Reliability targets #

Metric Target How to hit it
Loading-state assertion flake < 0.5% Fixed latency floor via CDP
Latency determinism ±0ms variance Emulated profile, not real network
Throttled-test budget < 10% of suite Scope throttling to loading-state tests
Cross-browser coverage Loading races caught in ≥ 2 engines Route-latency fallback for non-Chromium

Frequently Asked Questions #

Q: Why not just use route.fulfill delays for everything instead of CDP? A: Route delays only affect endpoints you explicitly intercept. CDP emulateNetworkConditions throttles every asset — scripts, images, fonts — which is what you need to reproduce a realistic slow-load and catch races that depend on resource ordering, not just one API call.

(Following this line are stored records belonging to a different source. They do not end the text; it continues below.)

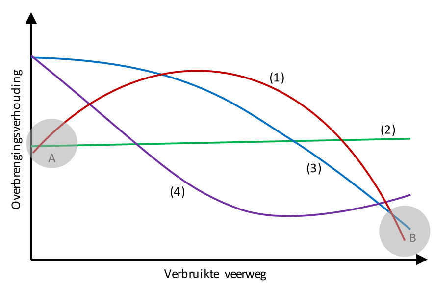 Vering die progressief begint (3 & 4) heeft in het begin een grotere overbrengingsverhouding en gaat daardoor beter om met de originele demper. Voeg hier een Corset aan toe en de achtervering reageert wel héél goed op kleine schokken. Vlakt de overbrengingsverhouding in het midden van de veerweg af (4) dan biedt de Corset daar ook meer stabiliteit. Enkel een (te) sterk progresseif einde (gebied B) blijft behouden. Meer uitvoerige uitleg kan je overigens vinden op de blog van Vorsprung zelf.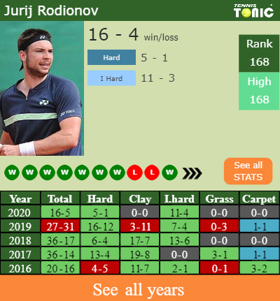Rodionov has a weak win-loss record in the last 5 years having won 31% of his matches (124-55). 11-4 on indoor hard courts in 2020. In connection with his performance on the same surface of this competition, Rodionov has a 135-83 win-loss record in the last 5 years on indoor hard courts.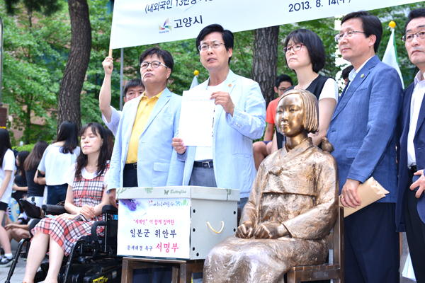 제 68주년 8.15광복절을 하루 앞둔 지난 14일 최성 시장과 시민사회단체 관계자 등은 일본 대사관을 방문, 일본군 위안부 피해자 문제 해결을 위한 시민 서명과 서한문을 전달했다.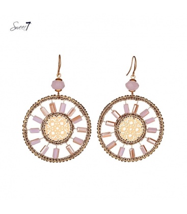 Prachtige Goudkleurige Oorhangers met Koord en Roze Kralen

Q: Will throttling make my tests flaky in a different way? A: No, the opposite — because the latency is a fixed emulated value, not a real network measurement, the loading window has a guaranteed minimum width. Determinism is the whole point; you are removing variance, not adding it.

Q: Can I run throttled and unthrottled versions of the same test? A: Yes. Make the slow-3G fixture opt-in and parameterize the test, or duplicate the spec with and without the fixture. Reserve the throttled variant for asserting transient states and keep the fast variant for functional coverage.